There are some chapters that I liked quite a lot like the "Pig Farmer". The chapter on veal was truly shocking. As i read pages and pages of insanely inhuman practices, I felt a strange relief - thank god I am not the reason why these poor innocent animals suffer. Yet I know, that I cannot absolve myself of my guilt this easy.

Its a very cut and dry book, with facts and statistics liberally strewn. But then it is a non-fiction so that is something that I expected. Its a book that makes you aware of what is happening in the world around you, the risk, the damage caused by our own carnal desires for food. Although it is 10 years old book, I doubt if much has changed. If it has, I would be happy to know about it.

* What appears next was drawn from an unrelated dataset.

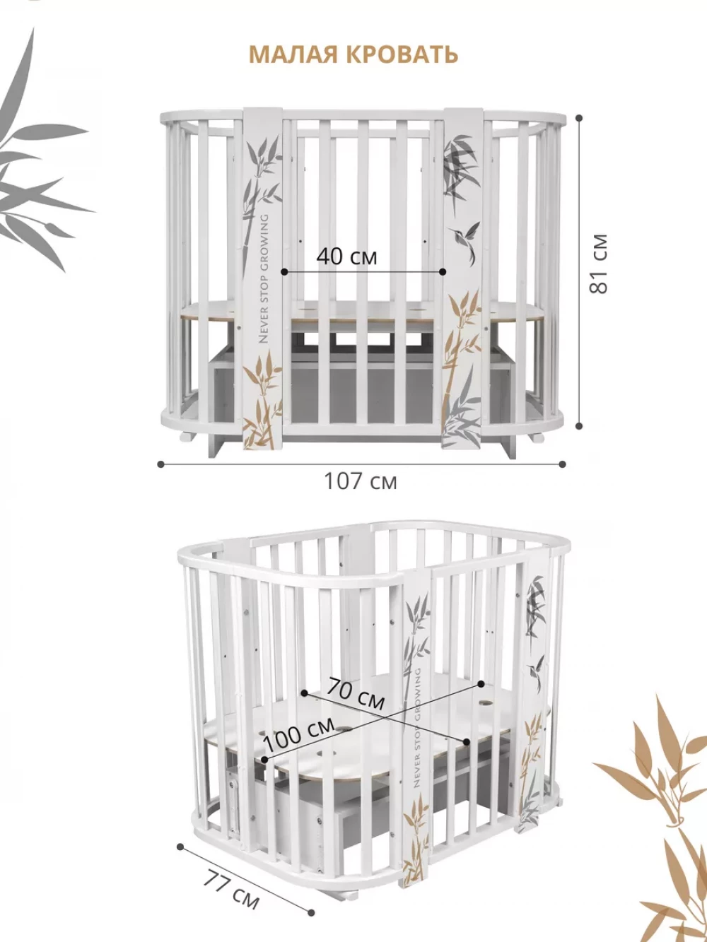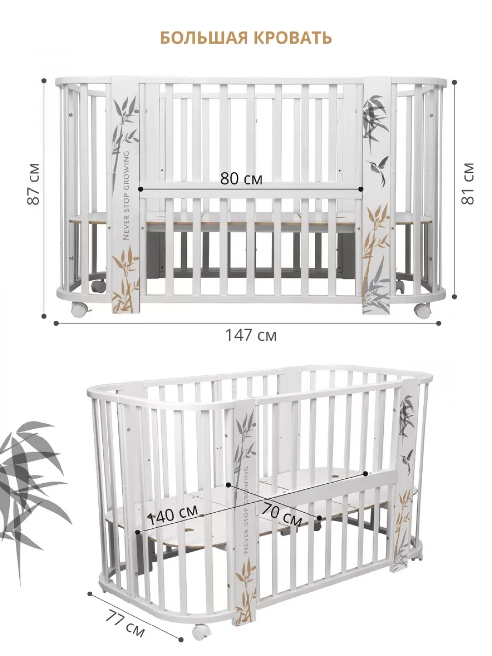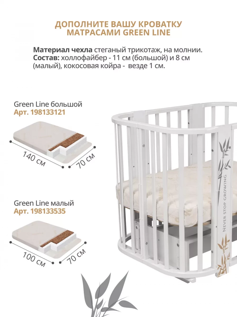 Маржа: 6215 ₽ Иконка в избранное Быстрый просмотр Кроватка-трансформер Indigo Green Line 5 в 1 с маятником 100*70 / 140*70 (закругленный) листочки 12 675 ₽ оптовая

I remember whenever I had these arguments with other friends of mine who were non-vegetarian and who would preface their dialogues with "Oh! You don't know what you are missing!" or "Aren't plants living beings as well? Are they not killed too. So why not animals?"

And in response I would bite back my words of frustration and keep queit.

But now after reading the book, I have an answer. 399 pages of answer.

I am not a reason for the barbaric treatment meted out to the animals. I am not a reason for the depletion of the water resources (being fed to animals or preparing their feed), I am not a reason why there is grain shortage in the world (because it is being fed to fatten out the animals, leaving children and other people hungry in other parts of the world).

So there! I may not have started as a vegetarian by choice, but I am happy/guilt-free that I am one.